Compute Kilo specs are open
From my email last week on the topic:
I am pleased to announce that the specs process for nova in kilo is now open. There are some tweaks to the previous process, so please read this entire email before uploading your spec! Blueprints approved in Juno =========================== For specs approved in Juno, there is a fast track approval process for Kilo. The steps to get your spec re-approved are: - Copy your spec from the specs/juno/approved directory to the specs/kilo/approved directory. Note that if we declared your spec to be a "partial" implementation in Juno, it might be in the implemented directory. This was rare however. - Update the spec to match the new template - Commit, with the "Previously-approved: juno" commit message tag - Upload using git review as normal Reviewers will still do a full review of the spec, we are not offering a rubber stamp of previously approved specs. However, we are requiring only one +2 to merge these previously approved specs, so the process should be a lot faster. A note for core reviewers here -- please include a short note on why you're doing a single +2 approval on the spec so future generations remember why. Trivial blueprints ================== We are not requiring specs for trivial blueprints in Kilo. Instead, create a blueprint in Launchpad at https://blueprints.launchpad.net/nova/+addspec and target the specification to Kilo. New, targeted, unapproved specs will be reviewed in weekly nova meetings. If it is agreed they are indeed trivial in the meeting, they will be approved. Other proposals =============== For other proposals, the process is the same as Juno... Propose a spec review against the specs/kilo/approved directory and we'll review it from there.

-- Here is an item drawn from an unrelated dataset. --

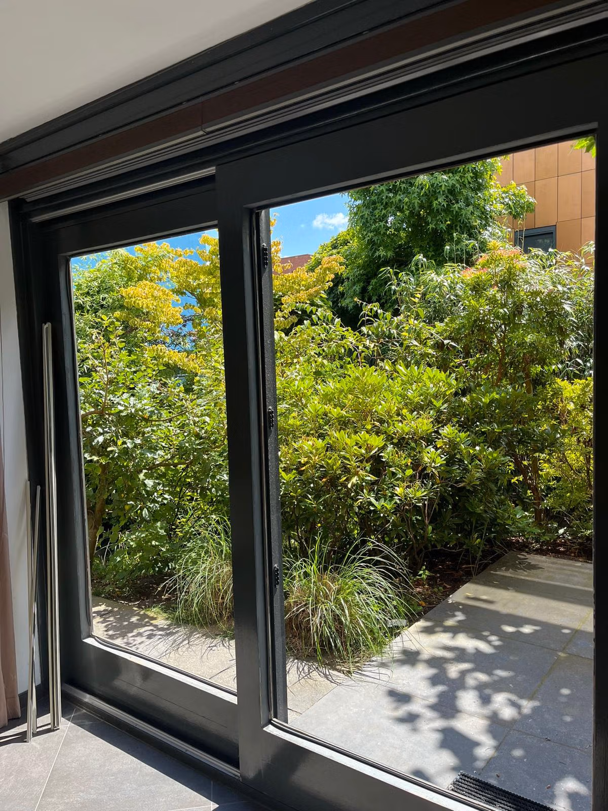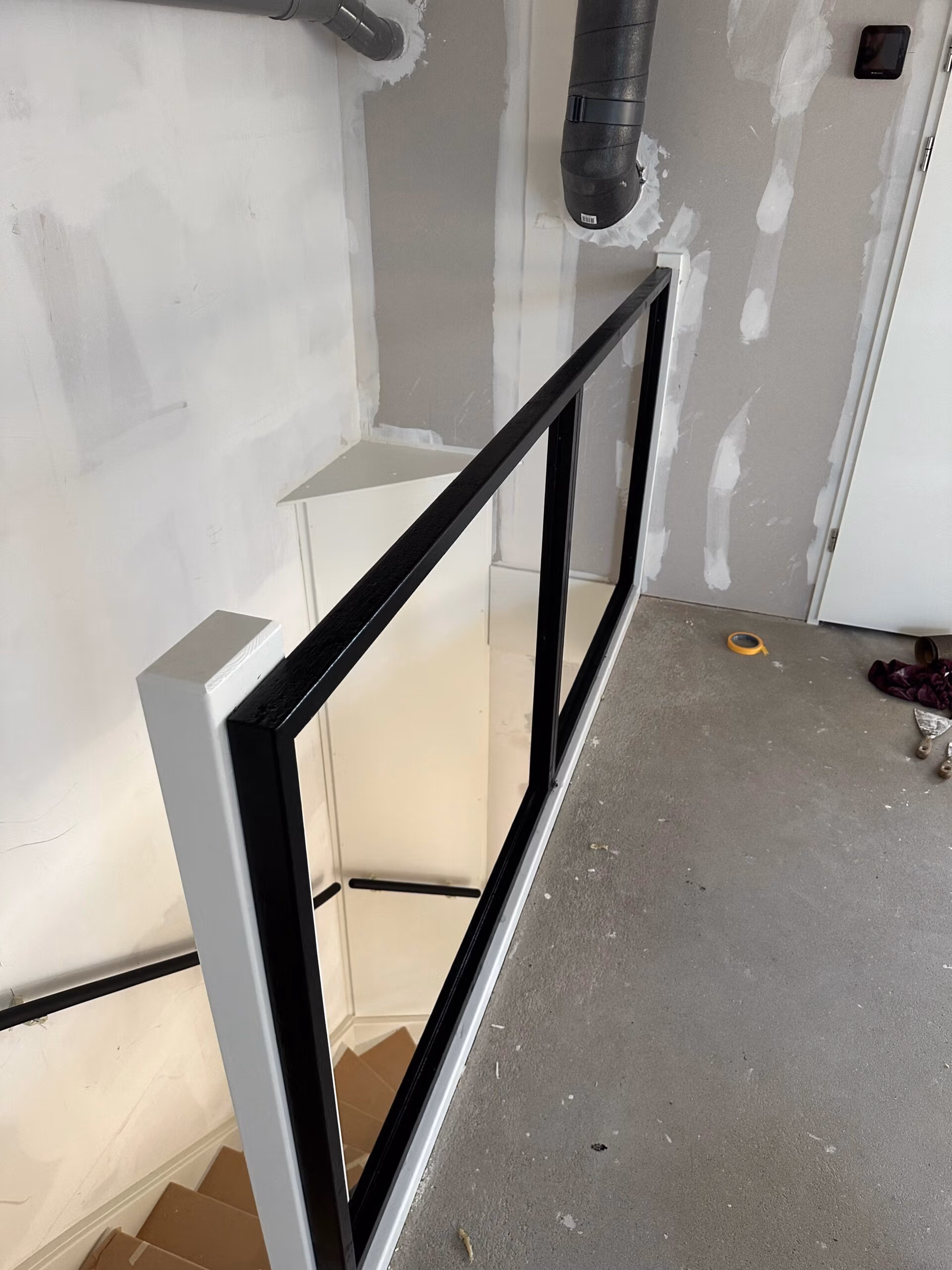 Voor dit project plaatsten we een maatwerk glaswand met slanke zwarte profielen. Het…

After a week I’m seeing something interesting. In Juno the specs process was new, and we saw a pause in the development cycle while people actually wrote down their designs before sending the code. This time around people know what to expect, and there are left over specs from Juno lying around. We’re therefore seeing specs approved much faster than in Kilo. This should reduce the effect of the “pipeline flush” that we saw in Juno.
So far we have five approved specs after only a week.